■ **Prompt**:
Copy word for word the lines in the records below, starting at the line with "Репаро, затем Акцио" and ending at the line with "内釜とふたは丸洗いOK! 熱伝導率の高いアルミ製の内釜は、汚れがつきにくいフッ素樹脂をコーティング。 |". Skip the pictures.

■ **The input**:
Start of Block

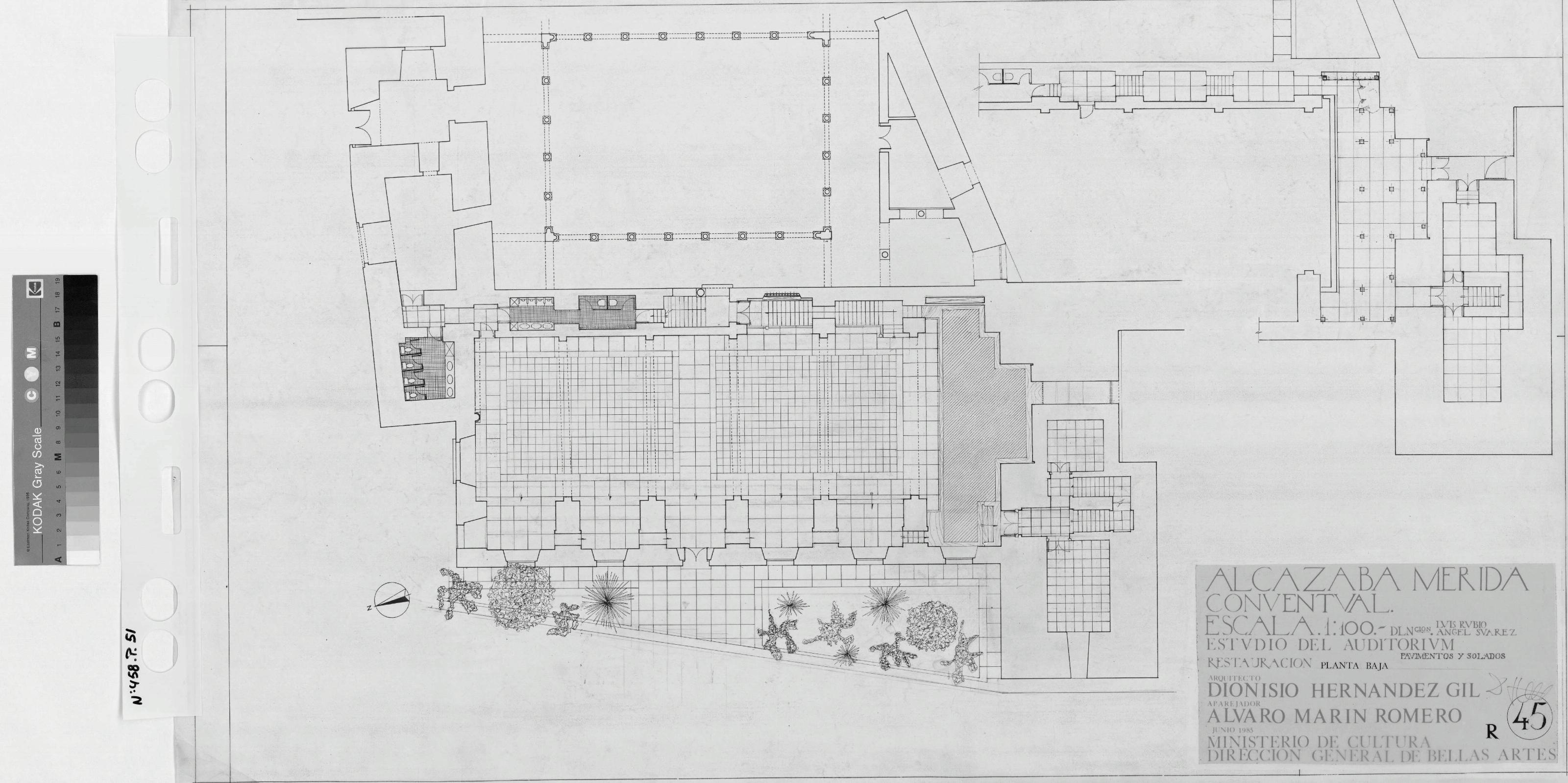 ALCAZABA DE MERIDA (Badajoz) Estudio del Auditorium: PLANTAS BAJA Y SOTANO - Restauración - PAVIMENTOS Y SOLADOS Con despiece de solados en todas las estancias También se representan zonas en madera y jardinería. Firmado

End of Block
Start of Block

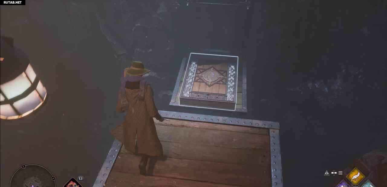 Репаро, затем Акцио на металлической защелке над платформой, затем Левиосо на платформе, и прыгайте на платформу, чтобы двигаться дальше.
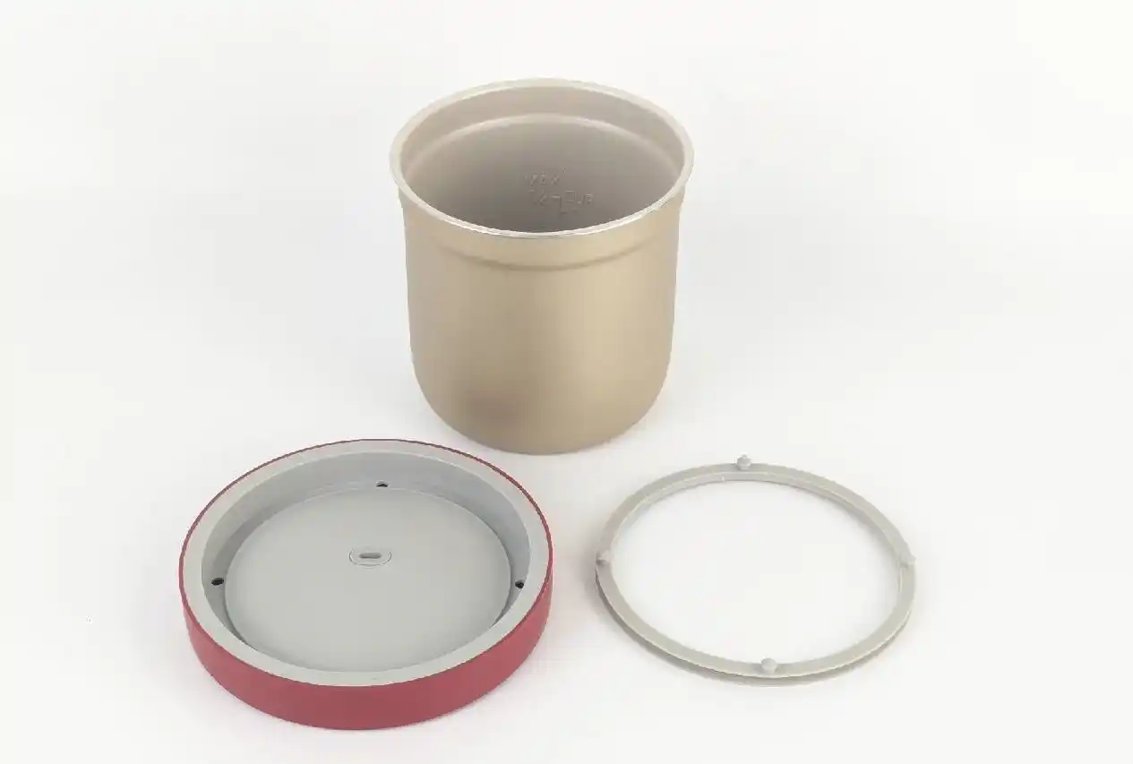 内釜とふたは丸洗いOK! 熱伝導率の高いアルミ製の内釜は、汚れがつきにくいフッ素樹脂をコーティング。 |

End of Block

■ **Task solution**:
 Репаро, затем Акцио на металлической защелке над платформой, затем Левиосо на платформе, и прыгайте на платформу, чтобы двигаться дальше.
 内釜とふたは丸洗いOK! 熱伝導率の高いアルミ製の内釜は、汚れがつきにくいフッ素樹脂をコーティング。 |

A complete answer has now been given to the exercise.